== Data records ==
#####

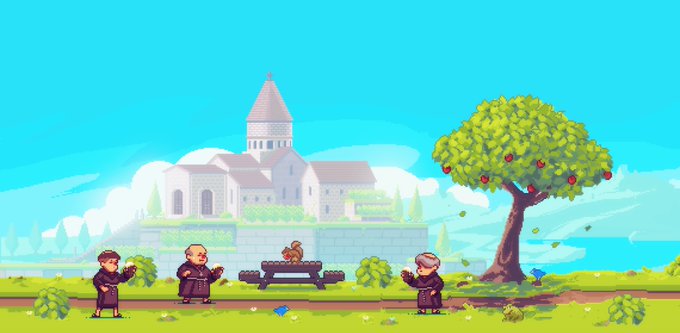 We said we can't tell you much yet about our upcoming project, but we can certainly use @NerdsWe great #pixelart visuals to give you at least some context about it, no? 😉🍻🧐 "Ora et labora. Et beer!"
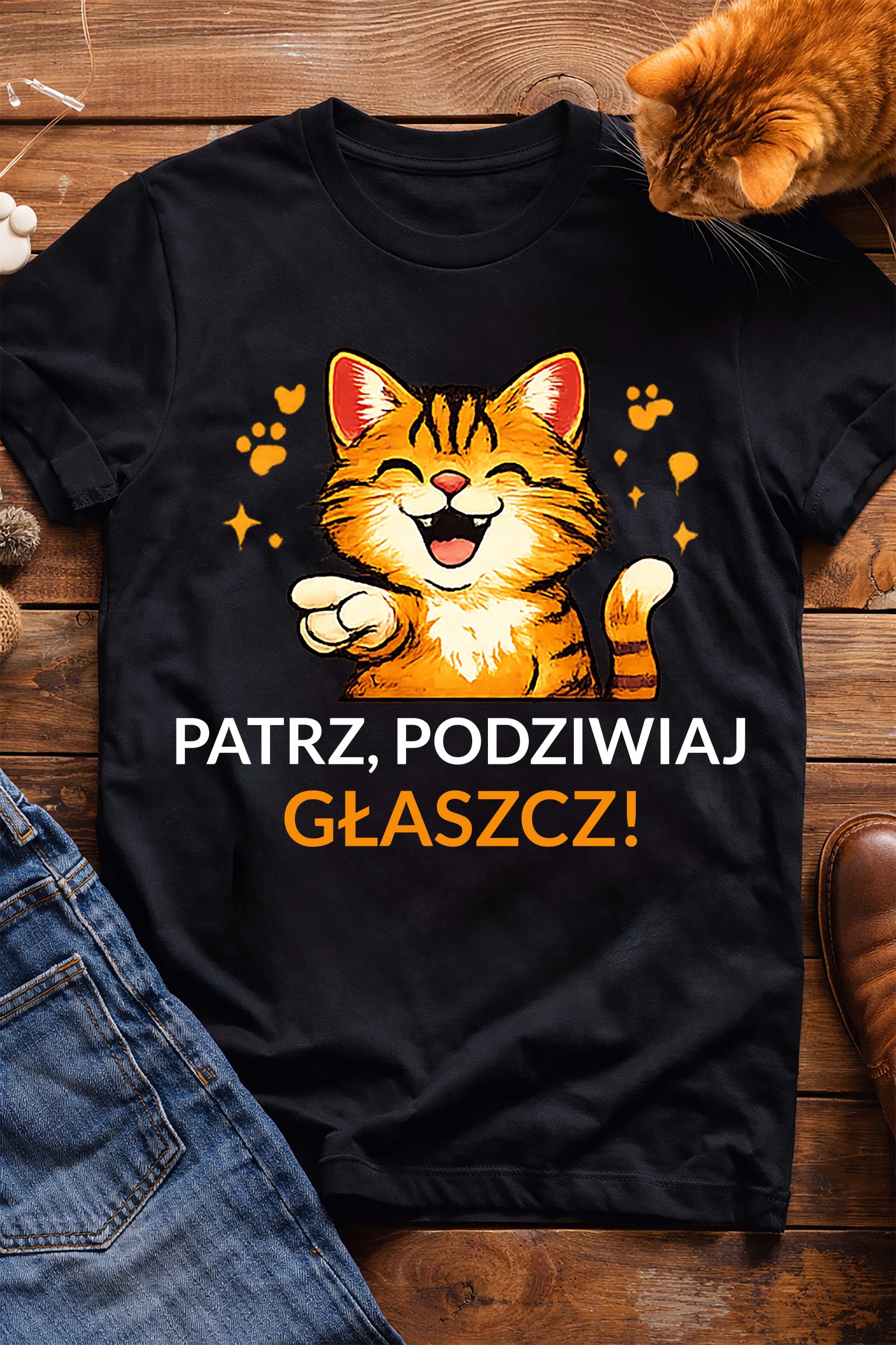 Koszulka dostępna jest w trzech wariantach: damskim, męskim oraz dziecięcym, dzięki czemu może stać się elementem rodzinnego zestawu dla fanów kotów. Czarny kolor koszulki podkreśla kontrast nadruku i sprawia, że grafika kota oraz napis są doskonale widoczne. Czarna koszulka z kotem to klasyka, która pasuje do wielu stylizacji i nigdy nie wychodzi z mody.
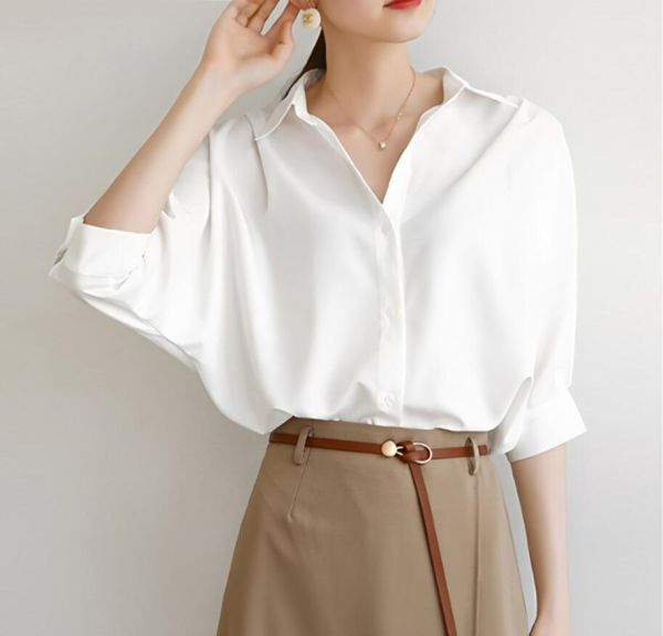 - 新入荷* カジュアル 前開き ブラウス オフィス ブラウス 通勤 大人可愛い 大きいサイズ ゆったり トップス 襟付き 着痩せ 半袖シャツ*
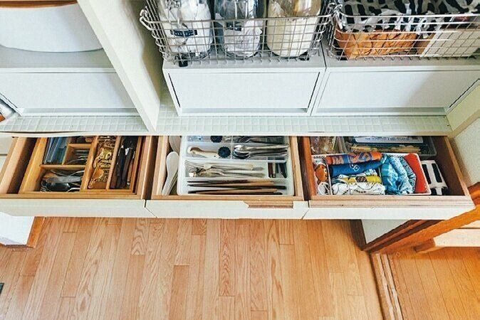 引き出しの右端は開閉しづらいため、あまり使わないべんとうグッズを。出入り口からすぐ手が届く中央に毎日使う箸類を集約しています。左には来客用のカトラリーを。
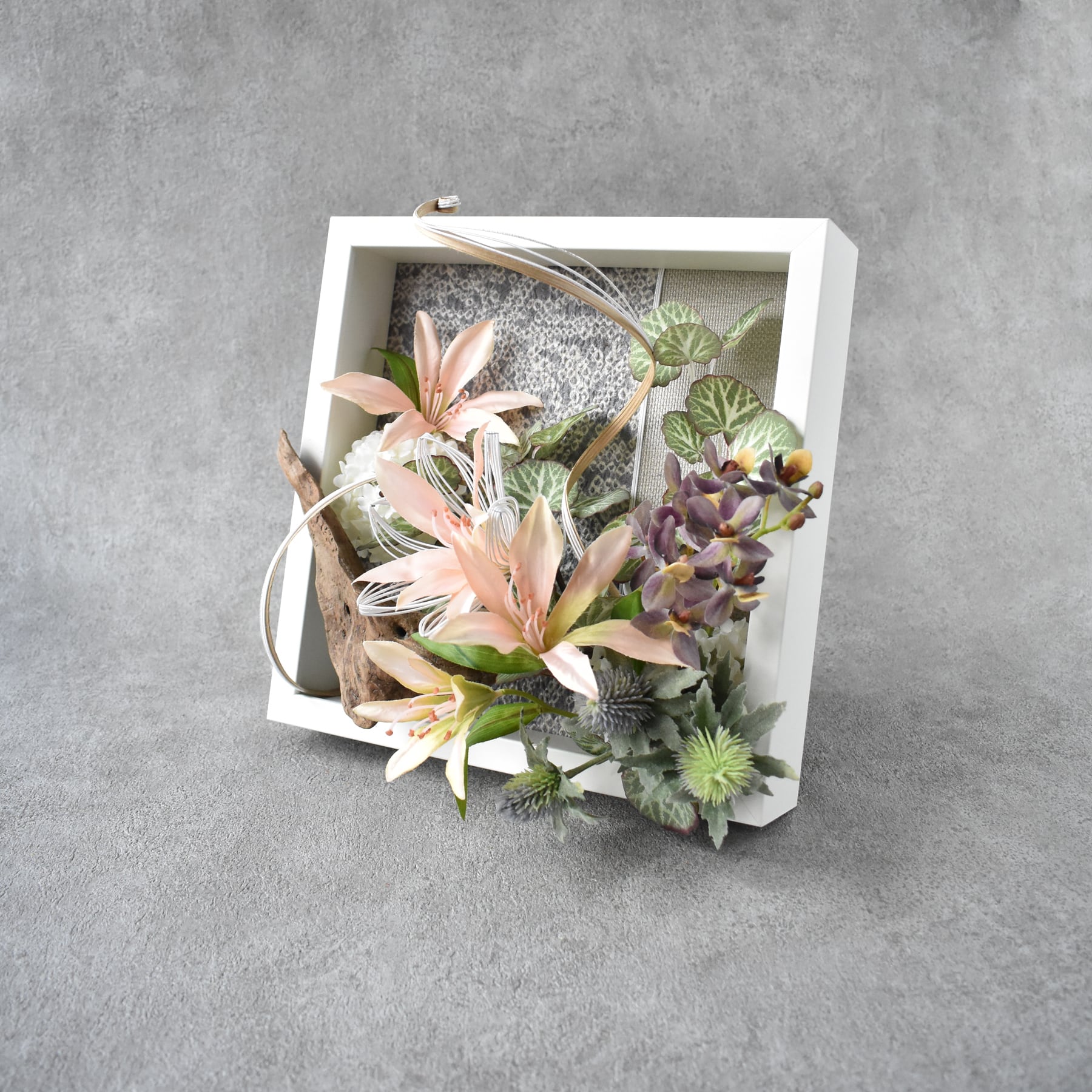 やわらかなサーモンピンクのオリエンタルリリーやシックな紫色のオーキッド(蘭)を組み合わせ、一部を水引の花びらにすることで、軽やかな動きを生み出した、上品で洗練された印象の和モダンフラワーフレームです。

#####

== What to produce ==
Every entry above needs to be duplicated precisely, and none of the pictures should appear.

== Result below ==
 We said we can't tell you much yet about our upcoming project, but we can certainly use @NerdsWe great #pixelart visuals to give you at least some context about it, no? 😉🍻🧐 "Ora et labora. Et beer!"
 Koszulka dostępna jest w trzech wariantach: damskim, męskim oraz dziecięcym, dzięki czemu może stać się elementem rodzinnego zestawu dla fanów kotów. Czarny kolor koszulki podkreśla kontrast nadruku i sprawia, że grafika kota oraz napis są doskonale widoczne. Czarna koszulka z kotem to klasyka, która pasuje do wielu stylizacji i nigdy nie wychodzi z mody.
 - 新入荷* カジュアル 前開き ブラウス オフィス ブラウス 通勤 大人可愛い 大きいサイズ ゆったり トップス 襟付き 着痩せ 半袖シャツ*
 引き出しの右端は開閉しづらいため、あまり使わないべんとうグッズを。出入り口からすぐ手が届く中央に毎日使う箸類を集約しています。左には来客用のカトラリーを。
 やわらかなサーモンピンクのオリエンタルリリーやシックな紫色のオーキッド(蘭)を組み合わせ、一部を水引の花びらにすることで、軽やかな動きを生み出した、上品で洗練された印象の和モダンフラワーフレームです。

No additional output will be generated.